Indeed, ASAT and BMD are similar tasks, technologically speaking. The only serious difference (and it is serious) is that the satellite’s orbit can be observed for a long time before you try to kill it, which means you have much more leisure for designing your interception. But aside from the speed with which you must complete the task, the two jobs are similar, and similarly hard.
Additionally, I disagree with your thesis. An ASAT treat would not be in the interests of the United States, any more than the ABM treaty was, and for similar reasons. While the United States is far more dependent on satellites, it is also, for obvious and similar reasons, far more adept at satellite operations, including ASAT operations. In the absence of an ASAT treaty, the United States would be free to develop an appropriate ASAT and satellite defense program (it’s hard to build a robust defense program if you aren’t allowed to build the offensive weapons against which it must defend). And we can imagine that it would do both, meaning it would be in the excellent position of both being able to defend its assets in orbit and destroy the assets of opponents, if necessary.
Your thesis is merely another form of passive Maginot-line thinking. It never works. The only good defense includes active components, including, in this case, a robust ASAT program, and I cannot think of a single historical example of a mutual disarmament treaty that worked to the advantage of the more powerful and sophisticated party.

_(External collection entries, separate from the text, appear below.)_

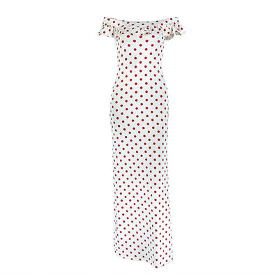 Off shoulder polka dot mesh maxi dress
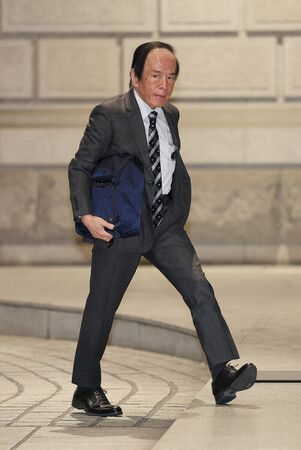 金融政策決定会合のため、日銀本店に入る植田和男総裁=18日午前、東京都中央区(代表撮影)
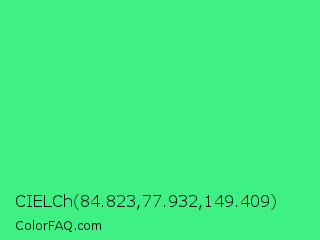 CIELCh 84.823,77.932,149.409 Color is a normal green color and the nearest color is Very Light Malachite Green #64e986. Hex code #3ff185 and RGB value is rgb(63,241,133). In RGB color space, this color is composed of 25% red, 95% green, 52% blue, In CMYK color space, this color is composed of 74% cyan, 0% magenta, 45% yellow , 5% black , In HSL color space, this color has a hue angle of 144° , 86% saturation and 60% lightness.
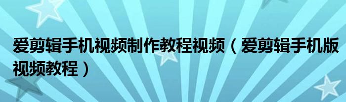 大家好,小晋来为大家解答以下问题,关于爱剪辑手机视频制作教程视频,爱剪辑手机版视频教程很多人还不知道,今天让我们一起来看看吧!

I can well understand, of course, why the rest of the world fervently wishes for an ASAT treaty. The USSR loved the ABM treaty for the same reason: they knew very well they could not compete, and knew that the cheapest way to win the competition was to convince the United States to neuter itself. I can also understand why the Obama Administration likes the idea: their ambitions are all domestic, and they view foreign policy as either a distraction from the Real Job (remaking the United States internally) or, as here, as a cheap way to score points with aging Nuclear Freeze alumni boomers by trading away military security (the necessity for which they don’t believe anyway) for Nobel Peace Prize! headlines.